INPUT DATA below:

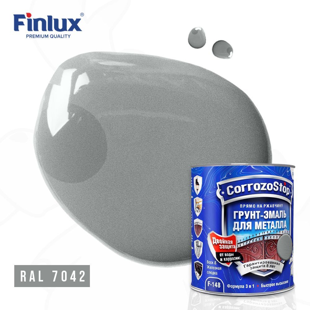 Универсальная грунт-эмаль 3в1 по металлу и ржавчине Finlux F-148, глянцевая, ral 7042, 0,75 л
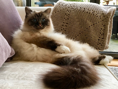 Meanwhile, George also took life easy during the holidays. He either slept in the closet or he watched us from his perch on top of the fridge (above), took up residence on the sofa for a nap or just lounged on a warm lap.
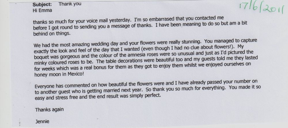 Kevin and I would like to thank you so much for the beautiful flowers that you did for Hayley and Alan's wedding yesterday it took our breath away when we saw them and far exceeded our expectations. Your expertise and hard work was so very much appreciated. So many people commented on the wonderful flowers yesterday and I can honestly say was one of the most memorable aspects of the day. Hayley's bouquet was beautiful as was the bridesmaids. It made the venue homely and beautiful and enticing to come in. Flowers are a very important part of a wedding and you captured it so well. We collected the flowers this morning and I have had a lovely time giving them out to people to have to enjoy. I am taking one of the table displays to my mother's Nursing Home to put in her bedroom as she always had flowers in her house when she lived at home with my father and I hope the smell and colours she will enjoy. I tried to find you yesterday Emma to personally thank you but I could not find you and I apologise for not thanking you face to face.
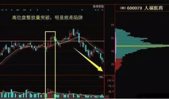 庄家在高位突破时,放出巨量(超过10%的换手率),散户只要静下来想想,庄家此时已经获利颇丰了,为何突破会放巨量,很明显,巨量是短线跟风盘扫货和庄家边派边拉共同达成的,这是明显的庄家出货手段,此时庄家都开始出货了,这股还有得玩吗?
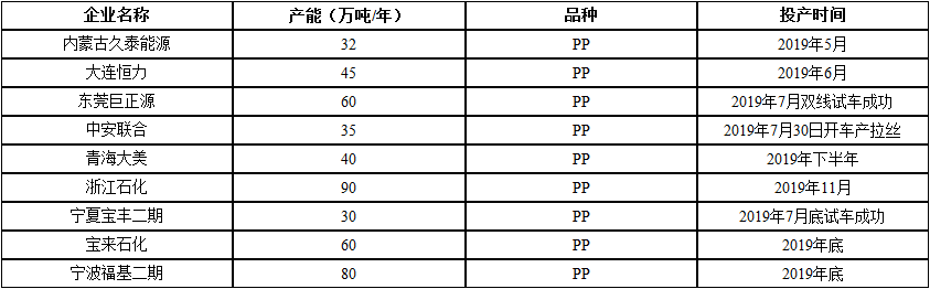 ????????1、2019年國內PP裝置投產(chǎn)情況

End of INPUT DATA.

WHAT TO DO:
Could you restate every record above word for word, dropping the pictures?

ANSWER TO THIS EXERCISE:
 Универсальная грунт-эмаль 3в1 по металлу и ржавчине Finlux F-148, глянцевая, ral 7042, 0,75 л
 Meanwhile, George also took life easy during the holidays. He either slept in the closet or he watched us from his perch on top of the fridge (above), took up residence on the sofa for a nap or just lounged on a warm lap.
 Kevin and I would like to thank you so much for the beautiful flowers that you did for Hayley and Alan's wedding yesterday it took our breath away when we saw them and far exceeded our expectations. Your expertise and hard work was so very much appreciated. So many people commented on the wonderful flowers yesterday and I can honestly say was one of the most memorable aspects of the day. Hayley's bouquet was beautiful as was the bridesmaids. It made the venue homely and beautiful and enticing to come in. Flowers are a very important part of a wedding and you captured it so well. We collected the flowers this morning and I have had a lovely time giving them out to people to have to enjoy. I am taking one of the table displays to my mother's Nursing Home to put in her bedroom as she always had flowers in her house when she lived at home with my father and I hope the smell and colours she will enjoy. I tried to find you yesterday Emma to personally thank you but I could not find you and I apologise for not thanking you face to face.
 庄家在高位突破时,放出巨量(超过10%的换手率),散户只要静下来想想,庄家此时已经获利颇丰了,为何突破会放巨量,很明显,巨量是短线跟风盘扫货和庄家边派边拉共同达成的,这是明显的庄家出货手段,此时庄家都开始出货了,这股还有得玩吗?
 ????????1、2019年國內PP裝置投產(chǎn)情況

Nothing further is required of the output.